"""

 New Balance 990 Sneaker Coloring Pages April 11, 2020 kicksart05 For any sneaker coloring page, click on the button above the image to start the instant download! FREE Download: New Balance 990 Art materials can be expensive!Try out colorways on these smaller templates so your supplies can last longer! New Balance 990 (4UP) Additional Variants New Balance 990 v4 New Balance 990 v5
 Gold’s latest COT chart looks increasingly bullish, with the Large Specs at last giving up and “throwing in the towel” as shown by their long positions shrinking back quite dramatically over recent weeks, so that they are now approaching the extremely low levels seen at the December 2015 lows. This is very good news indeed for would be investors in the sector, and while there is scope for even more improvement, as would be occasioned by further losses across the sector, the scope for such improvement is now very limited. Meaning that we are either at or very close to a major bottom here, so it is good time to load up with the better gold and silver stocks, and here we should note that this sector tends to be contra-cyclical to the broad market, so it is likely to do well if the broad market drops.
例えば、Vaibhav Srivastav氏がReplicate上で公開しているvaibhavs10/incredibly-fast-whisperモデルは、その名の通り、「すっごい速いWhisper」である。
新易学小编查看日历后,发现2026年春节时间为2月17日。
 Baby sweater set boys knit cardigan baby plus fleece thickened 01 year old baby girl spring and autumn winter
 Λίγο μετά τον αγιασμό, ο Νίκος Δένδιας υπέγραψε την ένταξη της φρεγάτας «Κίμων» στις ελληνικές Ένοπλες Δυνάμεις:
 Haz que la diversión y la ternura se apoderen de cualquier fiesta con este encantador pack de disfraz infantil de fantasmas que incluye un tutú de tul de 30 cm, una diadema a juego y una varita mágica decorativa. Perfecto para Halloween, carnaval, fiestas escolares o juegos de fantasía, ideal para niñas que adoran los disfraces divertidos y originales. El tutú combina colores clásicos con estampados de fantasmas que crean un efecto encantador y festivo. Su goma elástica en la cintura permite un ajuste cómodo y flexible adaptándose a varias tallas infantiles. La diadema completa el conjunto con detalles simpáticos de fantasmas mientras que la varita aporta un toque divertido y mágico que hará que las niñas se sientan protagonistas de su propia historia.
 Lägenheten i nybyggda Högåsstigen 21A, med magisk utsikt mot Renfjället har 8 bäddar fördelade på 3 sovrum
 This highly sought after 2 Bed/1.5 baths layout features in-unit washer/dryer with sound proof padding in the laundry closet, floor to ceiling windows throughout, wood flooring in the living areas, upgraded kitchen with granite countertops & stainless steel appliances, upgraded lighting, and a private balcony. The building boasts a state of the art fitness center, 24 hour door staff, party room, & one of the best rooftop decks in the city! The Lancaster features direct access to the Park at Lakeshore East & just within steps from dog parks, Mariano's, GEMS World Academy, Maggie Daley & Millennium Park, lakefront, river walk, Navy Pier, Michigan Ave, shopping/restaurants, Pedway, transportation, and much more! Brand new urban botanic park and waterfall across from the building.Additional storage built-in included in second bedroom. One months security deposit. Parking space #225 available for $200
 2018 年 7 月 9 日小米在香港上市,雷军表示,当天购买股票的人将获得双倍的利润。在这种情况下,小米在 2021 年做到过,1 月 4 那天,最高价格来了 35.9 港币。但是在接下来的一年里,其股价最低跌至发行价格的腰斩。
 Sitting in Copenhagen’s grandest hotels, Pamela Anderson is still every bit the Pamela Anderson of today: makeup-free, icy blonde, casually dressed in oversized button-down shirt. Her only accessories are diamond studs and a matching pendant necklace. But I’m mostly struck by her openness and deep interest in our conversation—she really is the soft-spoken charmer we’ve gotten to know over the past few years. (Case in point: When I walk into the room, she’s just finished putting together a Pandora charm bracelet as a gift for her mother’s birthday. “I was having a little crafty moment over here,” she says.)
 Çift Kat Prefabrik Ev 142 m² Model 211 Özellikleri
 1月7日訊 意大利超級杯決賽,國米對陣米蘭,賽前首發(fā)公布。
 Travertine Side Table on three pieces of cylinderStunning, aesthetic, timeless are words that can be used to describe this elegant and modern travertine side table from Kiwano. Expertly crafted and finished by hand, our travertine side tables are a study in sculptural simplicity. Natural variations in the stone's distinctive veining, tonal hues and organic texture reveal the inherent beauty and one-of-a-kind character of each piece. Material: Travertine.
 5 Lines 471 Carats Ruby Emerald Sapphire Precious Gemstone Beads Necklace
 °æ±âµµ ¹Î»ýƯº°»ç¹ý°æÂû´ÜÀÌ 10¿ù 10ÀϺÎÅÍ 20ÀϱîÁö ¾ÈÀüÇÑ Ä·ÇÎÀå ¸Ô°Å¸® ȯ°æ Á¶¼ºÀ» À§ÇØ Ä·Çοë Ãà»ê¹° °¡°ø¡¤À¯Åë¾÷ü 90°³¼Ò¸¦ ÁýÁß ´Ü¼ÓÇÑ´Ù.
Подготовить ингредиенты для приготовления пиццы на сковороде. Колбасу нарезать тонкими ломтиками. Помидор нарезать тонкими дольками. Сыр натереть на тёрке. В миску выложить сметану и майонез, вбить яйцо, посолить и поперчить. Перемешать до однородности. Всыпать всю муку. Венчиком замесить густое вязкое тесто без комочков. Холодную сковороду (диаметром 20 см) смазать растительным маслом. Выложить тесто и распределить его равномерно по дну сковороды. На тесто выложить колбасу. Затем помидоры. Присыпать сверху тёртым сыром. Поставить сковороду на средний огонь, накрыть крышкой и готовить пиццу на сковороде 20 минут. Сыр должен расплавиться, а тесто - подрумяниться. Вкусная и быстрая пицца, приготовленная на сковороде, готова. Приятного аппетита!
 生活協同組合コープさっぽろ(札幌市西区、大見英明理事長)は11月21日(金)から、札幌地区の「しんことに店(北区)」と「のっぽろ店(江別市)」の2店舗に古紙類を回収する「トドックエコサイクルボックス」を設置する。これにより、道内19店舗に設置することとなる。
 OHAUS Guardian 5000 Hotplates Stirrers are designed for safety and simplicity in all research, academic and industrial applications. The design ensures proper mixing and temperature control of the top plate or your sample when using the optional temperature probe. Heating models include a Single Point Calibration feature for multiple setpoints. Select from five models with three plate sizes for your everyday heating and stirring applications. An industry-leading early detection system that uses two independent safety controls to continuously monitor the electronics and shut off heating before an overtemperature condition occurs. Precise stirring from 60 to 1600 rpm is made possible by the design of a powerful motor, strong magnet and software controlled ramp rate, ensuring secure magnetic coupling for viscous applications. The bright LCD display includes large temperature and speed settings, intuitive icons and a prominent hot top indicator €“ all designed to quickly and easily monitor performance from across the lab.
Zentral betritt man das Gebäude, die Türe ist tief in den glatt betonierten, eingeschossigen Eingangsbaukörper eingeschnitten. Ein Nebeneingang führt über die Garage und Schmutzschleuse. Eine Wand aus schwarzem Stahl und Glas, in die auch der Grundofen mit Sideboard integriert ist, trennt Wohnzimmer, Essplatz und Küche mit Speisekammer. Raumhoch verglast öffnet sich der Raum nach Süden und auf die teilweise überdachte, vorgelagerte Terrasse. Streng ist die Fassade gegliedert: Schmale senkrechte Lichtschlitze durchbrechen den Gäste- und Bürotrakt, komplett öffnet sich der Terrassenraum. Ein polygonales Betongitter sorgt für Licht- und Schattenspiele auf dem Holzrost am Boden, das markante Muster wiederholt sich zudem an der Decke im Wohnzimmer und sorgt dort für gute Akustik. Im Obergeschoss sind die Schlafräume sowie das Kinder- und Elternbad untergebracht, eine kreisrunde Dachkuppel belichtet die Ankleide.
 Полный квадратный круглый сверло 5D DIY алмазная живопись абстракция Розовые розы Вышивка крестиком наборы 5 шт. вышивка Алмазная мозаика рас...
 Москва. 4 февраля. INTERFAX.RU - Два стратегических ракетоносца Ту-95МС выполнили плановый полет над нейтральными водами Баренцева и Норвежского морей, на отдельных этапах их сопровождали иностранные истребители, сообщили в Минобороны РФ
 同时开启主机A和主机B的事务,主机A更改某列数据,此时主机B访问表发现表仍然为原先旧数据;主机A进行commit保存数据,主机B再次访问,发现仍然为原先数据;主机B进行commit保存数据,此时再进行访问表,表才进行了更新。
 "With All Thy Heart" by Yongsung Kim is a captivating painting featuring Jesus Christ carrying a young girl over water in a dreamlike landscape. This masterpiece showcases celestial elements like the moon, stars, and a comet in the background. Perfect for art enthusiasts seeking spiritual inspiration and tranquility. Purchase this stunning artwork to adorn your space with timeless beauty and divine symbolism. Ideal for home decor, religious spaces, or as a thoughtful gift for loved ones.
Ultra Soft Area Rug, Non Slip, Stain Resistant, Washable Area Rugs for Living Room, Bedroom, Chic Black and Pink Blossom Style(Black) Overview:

"""

EXERCISE PROMPT:
From the records above, show each line that contains the word "timeless".

SOLUTION FOR THIS TASK:
 Travertine Side Table on three pieces of cylinderStunning, aesthetic, timeless are words that can be used to describe this elegant and modern travertine side table from Kiwano. Expertly crafted and finished by hand, our travertine side tables are a study in sculptural simplicity. Natural variations in the stone's distinctive veining, tonal hues and organic texture reveal the inherent beauty and one-of-a-kind character of each piece. Material: Travertine.
 "With All Thy Heart" by Yongsung Kim is a captivating painting featuring Jesus Christ carrying a young girl over water in a dreamlike landscape. This masterpiece showcases celestial elements like the moon, stars, and a comet in the background. Perfect for art enthusiasts seeking spiritual inspiration and tranquility. Purchase this stunning artwork to adorn your space with timeless beauty and divine symbolism. Ideal for home decor, religious spaces, or as a thoughtful gift for loved ones.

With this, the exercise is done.